“There’s a lovely Zen
melancholia that I’m after really.”
Brett Whiteley
Brett Whiteley
Billed as “The Face that Stops a Nation” the annual Archibald
Prize for portraiture along with its handmaidens the Wynne and Sulman Prizes are
considered to be the pinnacle of Australian art. The winning of one of these
awards is a confirmation by the Australian arts establishment of the artist’s
ability.
The Australian painter, Brett Whiteley has won
each of these awards twice. And in 1978 he became the only artist, in the award’s
94 year history, to win this trifecta of artistic excellence all in the same
year. The multimedia work Art, Life, and The Other Thing (see above) was his winning entry.
But Whiteley was no stranger to art awards. He won the art competition in the annual RSPCA exhibition
at Farmer’s Blaxland Gallery at the age of seven.
Whilst
maintaining Australia as his base, Whiteley had a career that spanned the world
from London to New York via Fiji, Tokyo, Bali and Paris producing a body of
work that ranged from the abstract to the figurative, from the landscape to
reportage. About which the art critic Robert Hughes wrote “The fact that
Whiteley could take a subject so loaded with journalistic associations, and
turn it into art, is the measure of his power for transformation.”
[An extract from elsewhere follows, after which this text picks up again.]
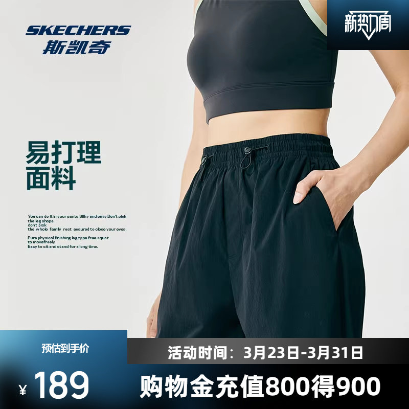 斯凯奇速干伞兵裤闪穿裤春夏女款阔腿褶皱凉感运动工装抽绳长裤

As he said in the 1989 documentary Difficult
Pleasure: A Portrait of Brett Whiteley. “Go to an art supply house and
get some ink and some paper and pens and a calligraphy brush and some charcoal and
aim at virtually at whatever’s in front of you, the subject matter is not that
important and then try and cheat and deceive and lie and exaggerate and most
particularly distort as absolutely as extremely as you can and after some six
months or a year or usually in a state of extreme frustration you will see
something you truly never seen before and that is the beginning of yourself and
that heralds the beginning of difficult pleasure.”
Whiteley died from a self-administered heroin overdose in
1992 at the age of 53.
Whiteley’s 18 piece installation The American Dream is currently on show at the Art
Gallery of Western Australia until the 15th of February 2016.